§ **EXERCISE DETAILS**
The stretch from the line with "Рисунок 3. Проект, выполненный" through the line with "uma delas. Imaginem" in the records below: write it out exactly, and nothing else.

§ **TASK INPUT**

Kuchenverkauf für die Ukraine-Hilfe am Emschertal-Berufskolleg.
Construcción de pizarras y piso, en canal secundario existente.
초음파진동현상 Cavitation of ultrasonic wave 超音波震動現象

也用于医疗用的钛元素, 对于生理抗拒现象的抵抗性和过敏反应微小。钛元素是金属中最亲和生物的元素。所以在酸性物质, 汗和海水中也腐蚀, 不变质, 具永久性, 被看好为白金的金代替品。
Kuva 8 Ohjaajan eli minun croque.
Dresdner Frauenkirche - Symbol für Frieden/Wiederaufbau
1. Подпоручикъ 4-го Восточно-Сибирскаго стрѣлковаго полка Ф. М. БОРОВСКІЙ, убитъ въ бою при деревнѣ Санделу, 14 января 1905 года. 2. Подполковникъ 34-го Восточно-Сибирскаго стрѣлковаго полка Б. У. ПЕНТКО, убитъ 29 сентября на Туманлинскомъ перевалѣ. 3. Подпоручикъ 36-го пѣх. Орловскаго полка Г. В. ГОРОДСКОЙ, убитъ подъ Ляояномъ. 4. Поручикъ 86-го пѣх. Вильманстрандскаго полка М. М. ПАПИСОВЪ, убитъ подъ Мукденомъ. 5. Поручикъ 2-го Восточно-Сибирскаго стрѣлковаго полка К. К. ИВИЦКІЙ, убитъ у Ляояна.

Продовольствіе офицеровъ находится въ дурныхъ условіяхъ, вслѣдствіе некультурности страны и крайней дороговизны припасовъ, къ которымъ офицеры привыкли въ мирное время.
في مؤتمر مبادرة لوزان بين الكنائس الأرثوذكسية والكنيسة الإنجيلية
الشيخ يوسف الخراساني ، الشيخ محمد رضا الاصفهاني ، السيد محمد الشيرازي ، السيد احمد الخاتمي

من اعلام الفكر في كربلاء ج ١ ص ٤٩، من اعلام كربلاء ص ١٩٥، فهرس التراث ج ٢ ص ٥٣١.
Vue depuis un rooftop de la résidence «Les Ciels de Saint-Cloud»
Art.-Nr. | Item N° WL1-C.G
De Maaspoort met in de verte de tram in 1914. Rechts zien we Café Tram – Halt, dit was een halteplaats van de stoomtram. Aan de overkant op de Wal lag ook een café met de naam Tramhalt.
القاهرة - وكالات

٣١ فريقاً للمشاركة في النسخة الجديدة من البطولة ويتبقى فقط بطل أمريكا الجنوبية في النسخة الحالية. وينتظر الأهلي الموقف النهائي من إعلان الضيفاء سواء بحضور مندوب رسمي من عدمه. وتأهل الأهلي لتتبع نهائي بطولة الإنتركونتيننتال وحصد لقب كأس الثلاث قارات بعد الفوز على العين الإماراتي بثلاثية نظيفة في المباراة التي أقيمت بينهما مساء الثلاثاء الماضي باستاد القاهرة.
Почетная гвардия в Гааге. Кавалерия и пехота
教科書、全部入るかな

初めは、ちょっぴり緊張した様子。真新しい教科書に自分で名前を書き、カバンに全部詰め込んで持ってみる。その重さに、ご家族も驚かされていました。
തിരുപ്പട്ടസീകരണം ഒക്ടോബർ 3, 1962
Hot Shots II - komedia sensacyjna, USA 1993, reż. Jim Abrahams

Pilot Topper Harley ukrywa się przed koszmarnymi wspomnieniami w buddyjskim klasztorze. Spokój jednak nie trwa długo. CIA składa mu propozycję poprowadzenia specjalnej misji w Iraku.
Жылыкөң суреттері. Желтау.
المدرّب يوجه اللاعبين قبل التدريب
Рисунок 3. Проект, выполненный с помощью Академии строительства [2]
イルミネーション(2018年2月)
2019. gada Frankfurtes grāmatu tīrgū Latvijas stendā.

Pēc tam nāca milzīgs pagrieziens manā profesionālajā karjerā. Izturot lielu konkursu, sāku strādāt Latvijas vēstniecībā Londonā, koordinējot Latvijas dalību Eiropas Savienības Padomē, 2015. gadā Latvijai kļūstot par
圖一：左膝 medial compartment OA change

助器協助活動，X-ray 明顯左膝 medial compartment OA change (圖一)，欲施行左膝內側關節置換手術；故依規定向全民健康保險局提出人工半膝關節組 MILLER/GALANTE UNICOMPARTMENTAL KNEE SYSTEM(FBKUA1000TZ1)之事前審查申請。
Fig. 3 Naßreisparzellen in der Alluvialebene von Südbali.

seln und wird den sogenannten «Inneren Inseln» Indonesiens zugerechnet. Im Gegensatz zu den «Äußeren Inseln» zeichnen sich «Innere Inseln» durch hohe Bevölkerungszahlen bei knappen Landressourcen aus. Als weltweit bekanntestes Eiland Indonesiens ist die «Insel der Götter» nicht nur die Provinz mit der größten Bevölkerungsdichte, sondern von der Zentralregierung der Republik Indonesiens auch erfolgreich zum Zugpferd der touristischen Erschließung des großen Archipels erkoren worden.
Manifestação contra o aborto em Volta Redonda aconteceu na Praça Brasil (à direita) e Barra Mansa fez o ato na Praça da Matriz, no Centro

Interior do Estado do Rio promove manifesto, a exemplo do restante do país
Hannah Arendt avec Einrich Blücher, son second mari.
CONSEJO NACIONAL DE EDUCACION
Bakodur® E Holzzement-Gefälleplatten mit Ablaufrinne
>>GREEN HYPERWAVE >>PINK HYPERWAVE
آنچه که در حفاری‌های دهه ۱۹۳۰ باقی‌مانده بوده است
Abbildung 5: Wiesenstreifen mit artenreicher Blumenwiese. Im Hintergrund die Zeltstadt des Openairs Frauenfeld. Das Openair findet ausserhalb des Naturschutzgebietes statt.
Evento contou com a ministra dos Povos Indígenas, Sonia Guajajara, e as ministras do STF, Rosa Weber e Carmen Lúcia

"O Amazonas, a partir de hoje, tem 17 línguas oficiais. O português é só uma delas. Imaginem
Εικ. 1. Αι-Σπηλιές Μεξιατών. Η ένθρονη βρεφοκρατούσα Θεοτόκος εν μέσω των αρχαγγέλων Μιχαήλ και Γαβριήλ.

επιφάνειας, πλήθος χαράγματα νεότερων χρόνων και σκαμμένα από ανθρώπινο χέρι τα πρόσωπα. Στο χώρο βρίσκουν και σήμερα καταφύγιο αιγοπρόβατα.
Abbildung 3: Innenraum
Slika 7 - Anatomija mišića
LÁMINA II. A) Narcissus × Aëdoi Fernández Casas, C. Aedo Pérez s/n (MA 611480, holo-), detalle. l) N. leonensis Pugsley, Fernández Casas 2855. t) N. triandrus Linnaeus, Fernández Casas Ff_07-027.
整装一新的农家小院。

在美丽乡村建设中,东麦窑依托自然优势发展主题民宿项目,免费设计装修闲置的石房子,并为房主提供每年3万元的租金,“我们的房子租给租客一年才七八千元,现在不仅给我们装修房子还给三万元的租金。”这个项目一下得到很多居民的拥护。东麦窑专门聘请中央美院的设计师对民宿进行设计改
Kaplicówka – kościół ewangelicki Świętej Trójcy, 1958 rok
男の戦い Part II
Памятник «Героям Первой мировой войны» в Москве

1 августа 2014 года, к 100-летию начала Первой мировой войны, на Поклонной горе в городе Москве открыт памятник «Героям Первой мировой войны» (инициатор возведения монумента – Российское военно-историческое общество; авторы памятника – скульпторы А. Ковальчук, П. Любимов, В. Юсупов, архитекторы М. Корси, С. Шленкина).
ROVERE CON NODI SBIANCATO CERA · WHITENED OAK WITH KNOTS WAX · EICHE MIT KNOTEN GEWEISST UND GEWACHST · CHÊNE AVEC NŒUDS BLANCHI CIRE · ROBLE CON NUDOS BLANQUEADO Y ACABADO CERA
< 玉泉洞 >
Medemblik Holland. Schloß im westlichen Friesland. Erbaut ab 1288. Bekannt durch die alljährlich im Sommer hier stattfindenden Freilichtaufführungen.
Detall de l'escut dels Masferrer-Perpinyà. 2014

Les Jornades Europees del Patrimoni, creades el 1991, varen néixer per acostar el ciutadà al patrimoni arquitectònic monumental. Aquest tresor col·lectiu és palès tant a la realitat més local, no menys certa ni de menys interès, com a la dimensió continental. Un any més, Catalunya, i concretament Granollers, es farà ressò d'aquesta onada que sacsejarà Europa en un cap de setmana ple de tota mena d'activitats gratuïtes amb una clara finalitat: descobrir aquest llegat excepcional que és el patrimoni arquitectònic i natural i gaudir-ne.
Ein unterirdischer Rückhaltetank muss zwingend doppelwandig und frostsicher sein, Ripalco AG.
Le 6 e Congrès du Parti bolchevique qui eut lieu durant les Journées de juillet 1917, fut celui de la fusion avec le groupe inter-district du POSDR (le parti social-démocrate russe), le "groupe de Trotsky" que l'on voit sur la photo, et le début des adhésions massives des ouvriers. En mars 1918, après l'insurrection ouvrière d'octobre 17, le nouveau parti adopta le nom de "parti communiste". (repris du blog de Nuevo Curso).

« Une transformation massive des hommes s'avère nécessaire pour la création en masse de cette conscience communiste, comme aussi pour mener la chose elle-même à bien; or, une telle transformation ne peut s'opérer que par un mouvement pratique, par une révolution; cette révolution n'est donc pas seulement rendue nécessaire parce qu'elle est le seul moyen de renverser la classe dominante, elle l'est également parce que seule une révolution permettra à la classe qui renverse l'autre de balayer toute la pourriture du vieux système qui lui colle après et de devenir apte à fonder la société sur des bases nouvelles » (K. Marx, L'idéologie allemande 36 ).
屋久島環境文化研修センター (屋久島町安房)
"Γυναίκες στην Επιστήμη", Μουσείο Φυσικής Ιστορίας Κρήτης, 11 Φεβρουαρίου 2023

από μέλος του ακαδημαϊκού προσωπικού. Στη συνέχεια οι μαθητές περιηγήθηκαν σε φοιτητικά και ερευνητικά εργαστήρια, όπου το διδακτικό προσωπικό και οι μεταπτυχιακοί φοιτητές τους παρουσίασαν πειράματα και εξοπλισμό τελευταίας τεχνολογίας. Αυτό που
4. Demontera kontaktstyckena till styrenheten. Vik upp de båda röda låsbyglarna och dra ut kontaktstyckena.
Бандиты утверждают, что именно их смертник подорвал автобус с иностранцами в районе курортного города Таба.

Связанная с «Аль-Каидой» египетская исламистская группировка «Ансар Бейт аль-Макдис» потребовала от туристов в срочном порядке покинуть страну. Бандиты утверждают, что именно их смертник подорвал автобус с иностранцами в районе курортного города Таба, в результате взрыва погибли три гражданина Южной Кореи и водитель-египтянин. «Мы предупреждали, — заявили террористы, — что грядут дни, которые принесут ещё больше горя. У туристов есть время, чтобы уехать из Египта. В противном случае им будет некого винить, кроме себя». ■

§ **RESPONSE**
Рисунок 3. Проект, выполненный с помощью Академии строительства [2]
イルミネーション(2018年2月)
2019. gada Frankfurtes grāmatu tīrgū Latvijas stendā.

Pēc tam nāca milzīgs pagrieziens manā profesionālajā karjerā. Izturot lielu konkursu, sāku strādāt Latvijas vēstniecībā Londonā, koordinējot Latvijas dalību Eiropas Savienības Padomē, 2015. gadā Latvijai kļūstot par
圖一：左膝 medial compartment OA change

助器協助活動，X-ray 明顯左膝 medial compartment OA change (圖一)，欲施行左膝內側關節置換手術；故依規定向全民健康保險局提出人工半膝關節組 MILLER/GALANTE UNICOMPARTMENTAL KNEE SYSTEM(FBKUA1000TZ1)之事前審查申請。
Fig. 3 Naßreisparzellen in der Alluvialebene von Südbali.

seln und wird den sogenannten «Inneren Inseln» Indonesiens zugerechnet. Im Gegensatz zu den «Äußeren Inseln» zeichnen sich «Innere Inseln» durch hohe Bevölkerungszahlen bei knappen Landressourcen aus. Als weltweit bekanntestes Eiland Indonesiens ist die «Insel der Götter» nicht nur die Provinz mit der größten Bevölkerungsdichte, sondern von der Zentralregierung der Republik Indonesiens auch erfolgreich zum Zugpferd der touristischen Erschließung des großen Archipels erkoren worden.
Manifestação contra o aborto em Volta Redonda aconteceu na Praça Brasil (à direita) e Barra Mansa fez o ato na Praça da Matriz, no Centro

Interior do Estado do Rio promove manifesto, a exemplo do restante do país
Hannah Arendt avec Einrich Blücher, son second mari.
CONSEJO NACIONAL DE EDUCACION
Bakodur® E Holzzement-Gefälleplatten mit Ablaufrinne
>>GREEN HYPERWAVE >>PINK HYPERWAVE
آنچه که در حفاری‌های دهه ۱۹۳۰ باقی‌مانده بوده است
Abbildung 5: Wiesenstreifen mit artenreicher Blumenwiese. Im Hintergrund die Zeltstadt des Openairs Frauenfeld. Das Openair findet ausserhalb des Naturschutzgebietes statt.
Evento contou com a ministra dos Povos Indígenas, Sonia Guajajara, e as ministras do STF, Rosa Weber e Carmen Lúcia

"O Amazonas, a partir de hoje, tem 17 línguas oficiais. O português é só uma delas. Imaginem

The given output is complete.